◆ **BRIEF**:
Give back every line of the material exactly. Skip the pictures.

◆ **DATA FOR ANALYSIS**:
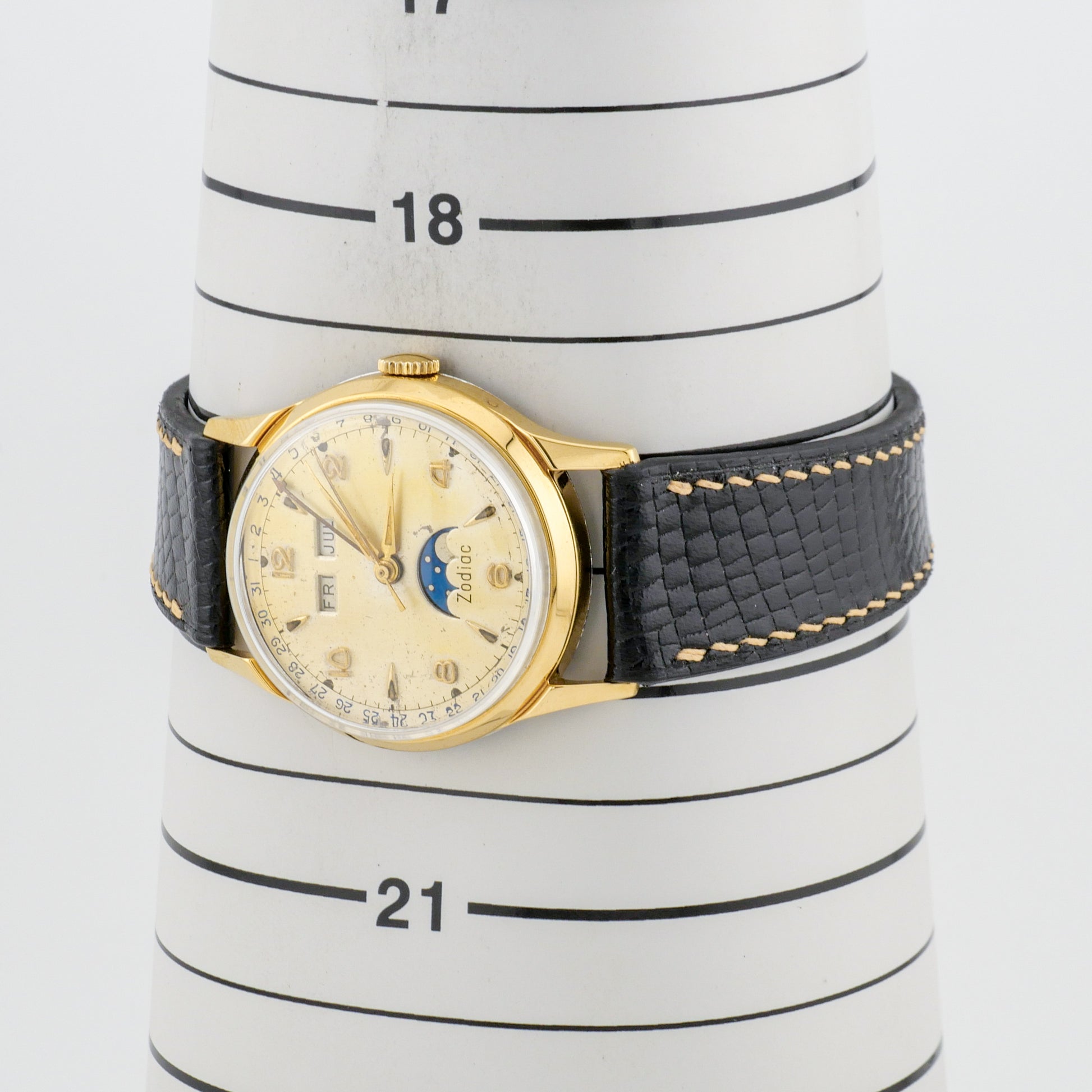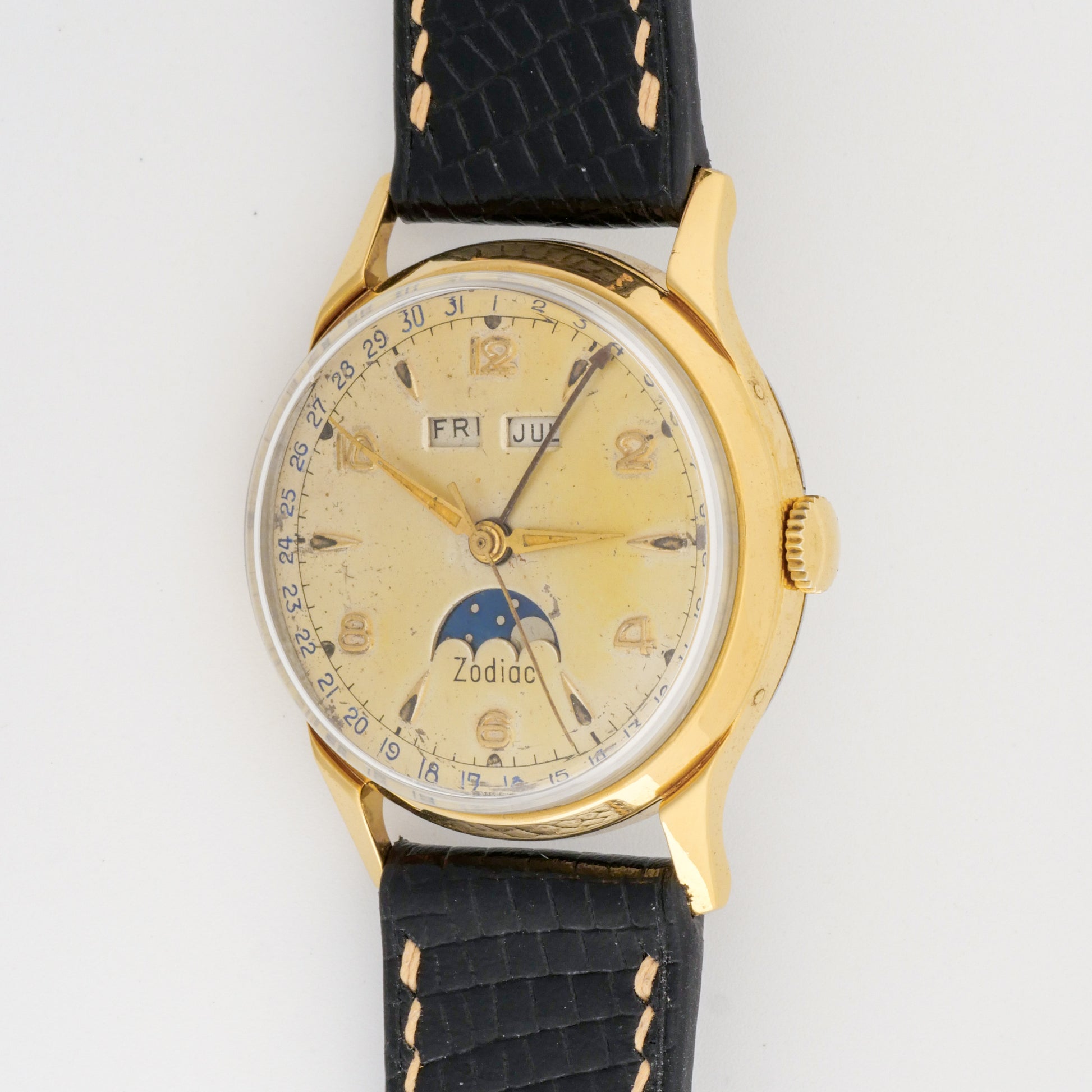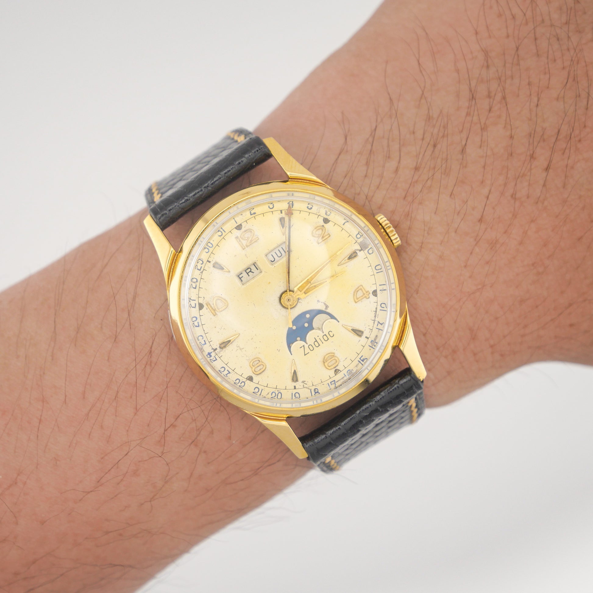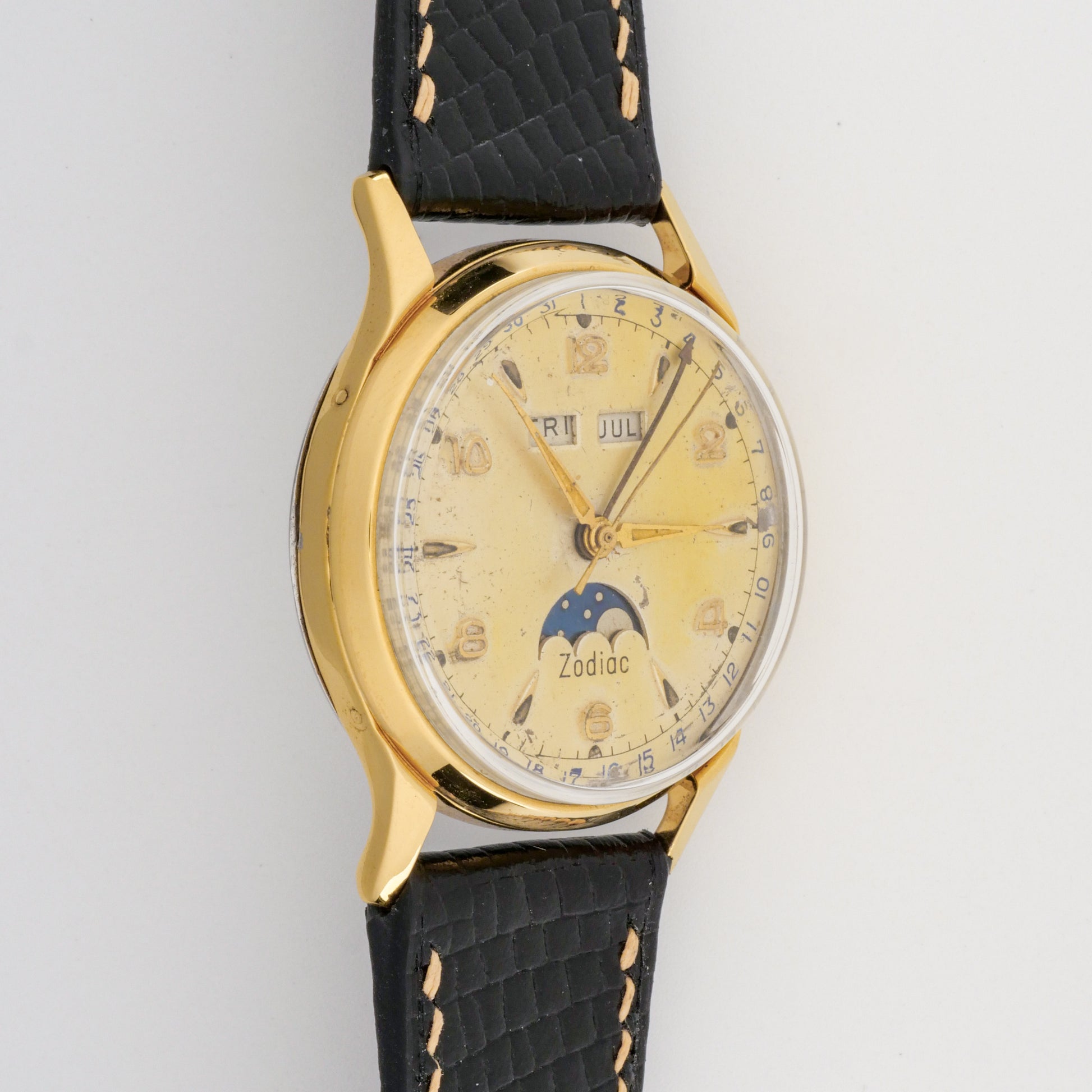 - Dial: exhibits notable aging with a warm patina and some spotting/oxidation marks throughout. The gold indices and numerals remain legible but show slight tarnishing. The moon phase indicator is well-preserved with good color retention despite its age. The Zodiac logo remains clearly visible above the moon phase.
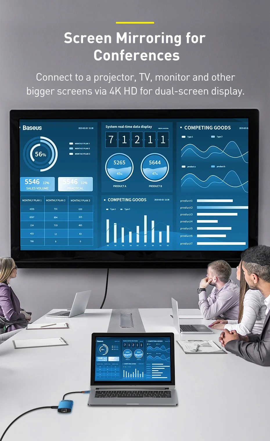 - Screen Mirroring for Conferences: Connect to a projector, TV, monitor and other bigger screens via 4K HD for dual-screen display
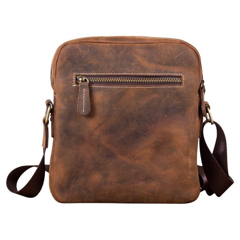 Design: Badass Brown Leather Men's Sling Bag Chest Bag One shoulder 10 inches Messenger Bag For Men
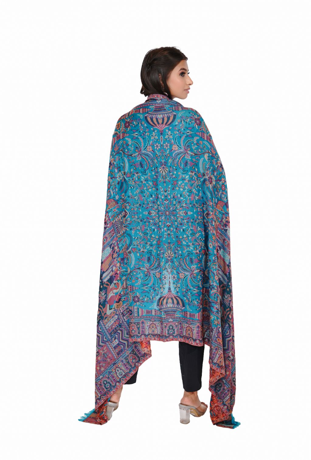 Heritage Mughal Darbaar Woollen Shawl for Women - Shimmering Blue | Full Length, Extra Soft Wool
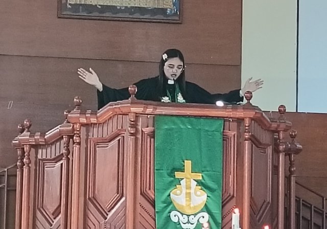 Di awal khotbah, Pendeta Friski menyambut sukacita jemaat bisa bertemu untuk beribadah.
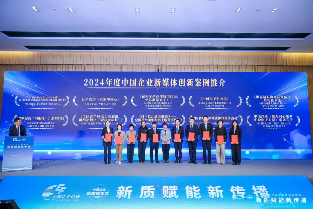 颁奖现场第十届中国企业新媒体年会聚焦新闻宣传如何传播新质生产力的思想和实践、如何培育传播领域的新质生产力。年会推介了国务院国资委新闻中心、中国公共关系协会联合征集的2024年度中国企业新媒体优秀案例,发布了“创新优秀案例”“创意优秀案例”“创作优秀案例”各10部。
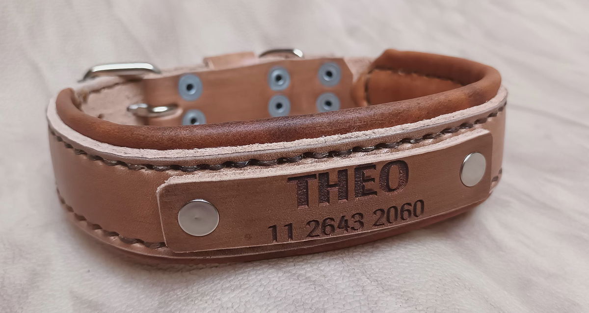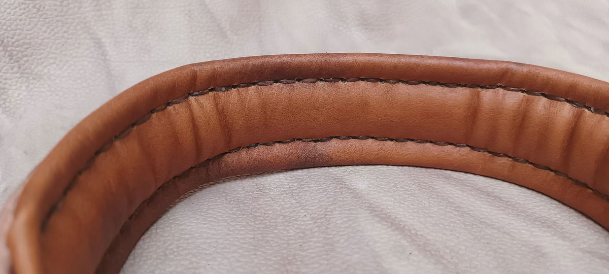 Uno de nuestros modelos más solicitados el collar Zeus en doble cuero con interior totalmente acolchado y cosido a mano en hilo encerado. Herrajes reforzados y soldados.
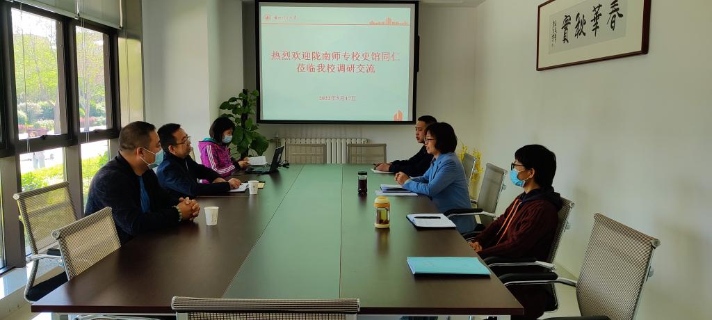 5月17日上午,陇南师范高等专科学校校史馆馆长刘吉平一行来学校档案馆就档案馆建设事宜进行工作调研。档案馆馆长李凤琴热情接待了陇南师专档案同仁,档案馆科室负责人及相关工作人员参加调研座谈。

◆ **TASK RESPONSE**:
 - Dial: exhibits notable aging with a warm patina and some spotting/oxidation marks throughout. The gold indices and numerals remain legible but show slight tarnishing. The moon phase indicator is well-preserved with good color retention despite its age. The Zodiac logo remains clearly visible above the moon phase.
 - Screen Mirroring for Conferences: Connect to a projector, TV, monitor and other bigger screens via 4K HD for dual-screen display
 Design: Badass Brown Leather Men's Sling Bag Chest Bag One shoulder 10 inches Messenger Bag For Men
 Heritage Mughal Darbaar Woollen Shawl for Women - Shimmering Blue | Full Length, Extra Soft Wool
 Di awal khotbah, Pendeta Friski menyambut sukacita jemaat bisa bertemu untuk beribadah.
 颁奖现场第十届中国企业新媒体年会聚焦新闻宣传如何传播新质生产力的思想和实践、如何培育传播领域的新质生产力。年会推介了国务院国资委新闻中心、中国公共关系协会联合征集的2024年度中国企业新媒体优秀案例,发布了“创新优秀案例”“创意优秀案例”“创作优秀案例”各10部。
 Uno de nuestros modelos más solicitados el collar Zeus en doble cuero con interior totalmente acolchado y cosido a mano en hilo encerado. Herrajes reforzados y soldados.
 5月17日上午,陇南师范高等专科学校校史馆馆长刘吉平一行来学校档案馆就档案馆建设事宜进行工作调研。档案馆馆长李凤琴热情接待了陇南师专档案同仁,档案馆科室负责人及相关工作人员参加调研座谈。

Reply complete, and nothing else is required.